#### Task to complete
All of the listing should be returned as written, apart from any picture in it.

#### Source material
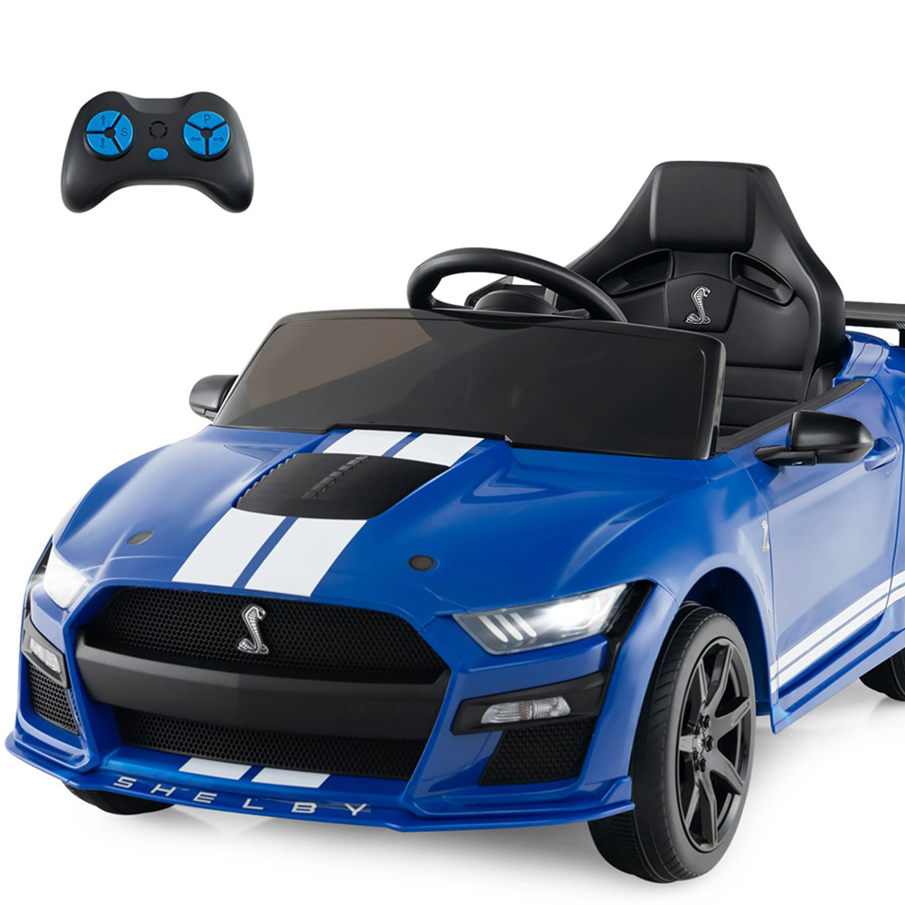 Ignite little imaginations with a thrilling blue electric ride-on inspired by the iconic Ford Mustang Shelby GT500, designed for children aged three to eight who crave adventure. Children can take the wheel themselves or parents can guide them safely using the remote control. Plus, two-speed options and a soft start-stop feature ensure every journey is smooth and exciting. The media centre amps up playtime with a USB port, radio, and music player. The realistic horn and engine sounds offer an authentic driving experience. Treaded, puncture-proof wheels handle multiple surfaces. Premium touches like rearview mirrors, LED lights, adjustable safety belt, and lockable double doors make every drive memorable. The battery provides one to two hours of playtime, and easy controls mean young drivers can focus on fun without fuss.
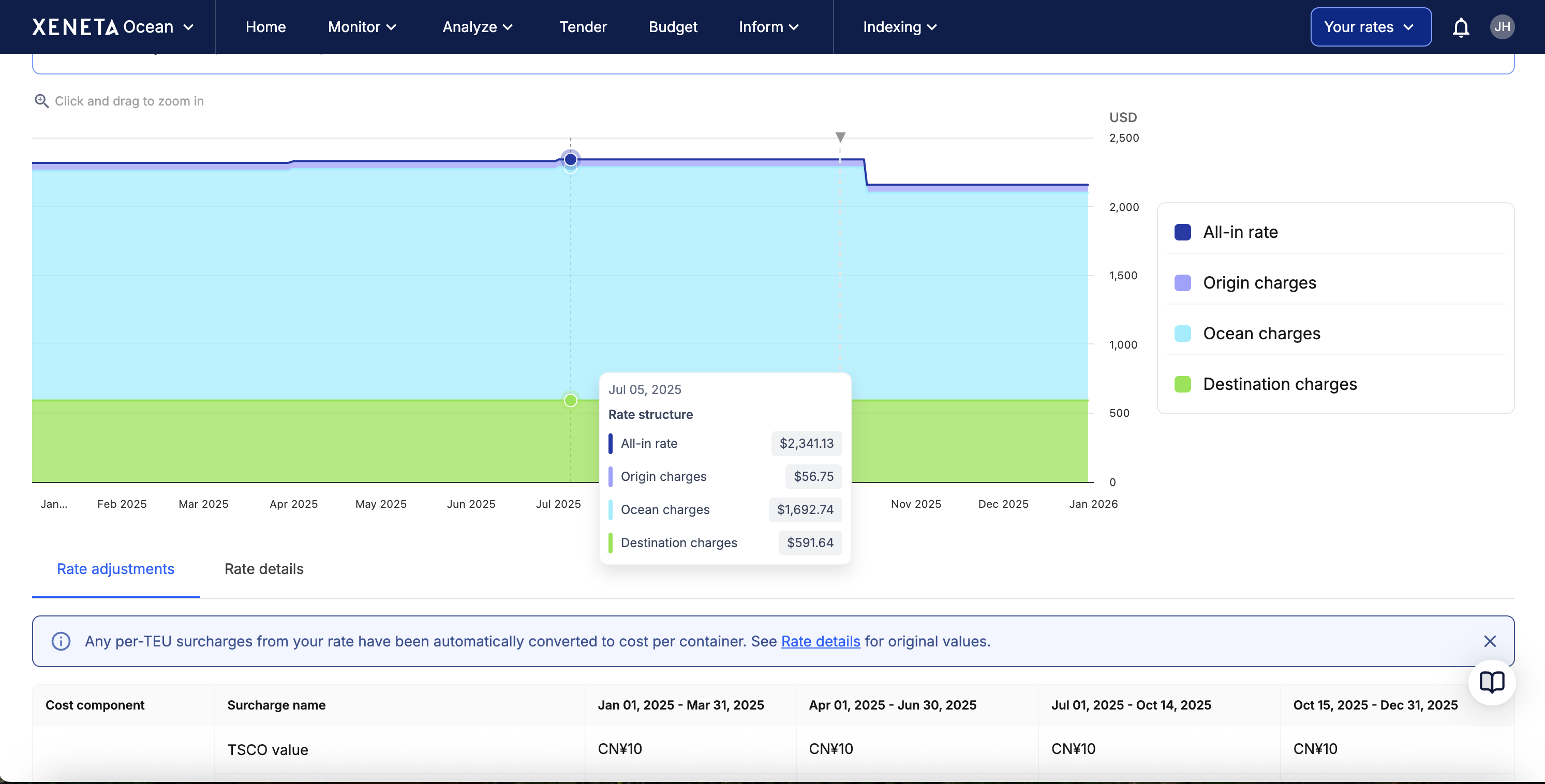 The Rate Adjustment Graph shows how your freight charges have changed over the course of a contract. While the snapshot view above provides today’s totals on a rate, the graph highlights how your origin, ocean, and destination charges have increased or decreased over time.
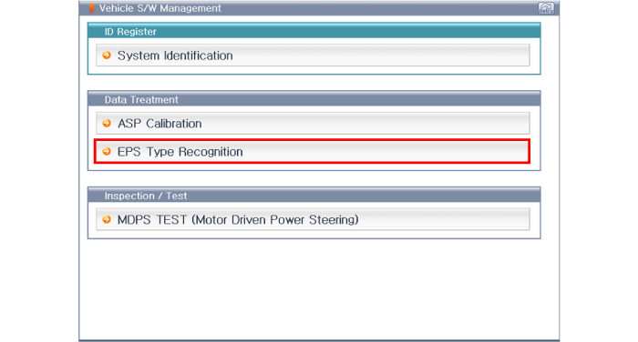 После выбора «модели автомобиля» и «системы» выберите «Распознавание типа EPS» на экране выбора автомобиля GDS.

#### Answer section
 Ignite little imaginations with a thrilling blue electric ride-on inspired by the iconic Ford Mustang Shelby GT500, designed for children aged three to eight who crave adventure. Children can take the wheel themselves or parents can guide them safely using the remote control. Plus, two-speed options and a soft start-stop feature ensure every journey is smooth and exciting. The media centre amps up playtime with a USB port, radio, and music player. The realistic horn and engine sounds offer an authentic driving experience. Treaded, puncture-proof wheels handle multiple surfaces. Premium touches like rearview mirrors, LED lights, adjustable safety belt, and lockable double doors make every drive memorable. The battery provides one to two hours of playtime, and easy controls mean young drivers can focus on fun without fuss.
 The Rate Adjustment Graph shows how your freight charges have changed over the course of a contract. While the snapshot view above provides today’s totals on a rate, the graph highlights how your origin, ocean, and destination charges have increased or decreased over time.
 После выбора «модели автомобиля» и «системы» выберите «Распознавание типа EPS» на экране выбора автомобиля GDS.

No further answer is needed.